EXERCISE GOAL
Output must consist only of the lines of the material below from the one with "Almirall obtuvo un" through the one with "Aqui está um", each reproduced exactly; no pictures belong in it.

MATERIAL FOR THE TASK
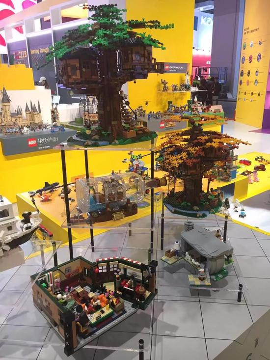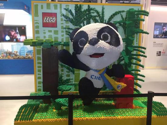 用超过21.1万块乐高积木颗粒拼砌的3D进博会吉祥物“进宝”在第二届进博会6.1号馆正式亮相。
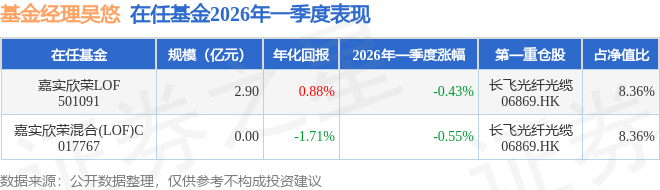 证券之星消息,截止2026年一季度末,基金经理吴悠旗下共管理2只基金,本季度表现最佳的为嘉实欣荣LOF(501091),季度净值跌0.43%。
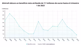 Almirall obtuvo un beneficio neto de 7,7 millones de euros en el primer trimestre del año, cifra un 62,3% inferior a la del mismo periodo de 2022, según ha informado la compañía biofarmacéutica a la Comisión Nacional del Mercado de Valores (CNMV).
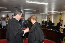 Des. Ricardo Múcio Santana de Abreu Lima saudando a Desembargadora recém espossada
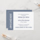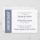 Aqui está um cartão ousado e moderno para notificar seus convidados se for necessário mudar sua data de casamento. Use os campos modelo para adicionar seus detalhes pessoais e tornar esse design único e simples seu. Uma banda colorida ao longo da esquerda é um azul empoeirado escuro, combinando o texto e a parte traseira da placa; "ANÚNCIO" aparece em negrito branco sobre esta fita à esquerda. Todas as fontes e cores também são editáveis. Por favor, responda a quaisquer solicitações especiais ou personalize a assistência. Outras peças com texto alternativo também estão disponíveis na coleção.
---
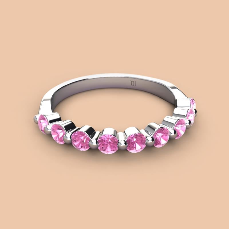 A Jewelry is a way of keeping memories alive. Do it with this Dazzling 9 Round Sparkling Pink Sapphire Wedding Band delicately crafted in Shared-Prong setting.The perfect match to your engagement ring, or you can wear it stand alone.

ANSWER BOX
 Almirall obtuvo un beneficio neto de 7,7 millones de euros en el primer trimestre del año, cifra un 62,3% inferior a la del mismo periodo de 2022, según ha informado la compañía biofarmacéutica a la Comisión Nacional del Mercado de Valores (CNMV).
 Des. Ricardo Múcio Santana de Abreu Lima saudando a Desembargadora recém espossada
 Aqui está um cartão ousado e moderno para notificar seus convidados se for necessário mudar sua data de casamento. Use os campos modelo para adicionar seus detalhes pessoais e tornar esse design único e simples seu. Uma banda colorida ao longo da esquerda é um azul empoeirado escuro, combinando o texto e a parte traseira da placa; "ANÚNCIO" aparece em negrito branco sobre esta fita à esquerda. Todas as fontes e cores também são editáveis. Por favor, responda a quaisquer solicitações especiais ou personalize a assistência. Outras peças com texto alternativo também estão disponíveis na coleção.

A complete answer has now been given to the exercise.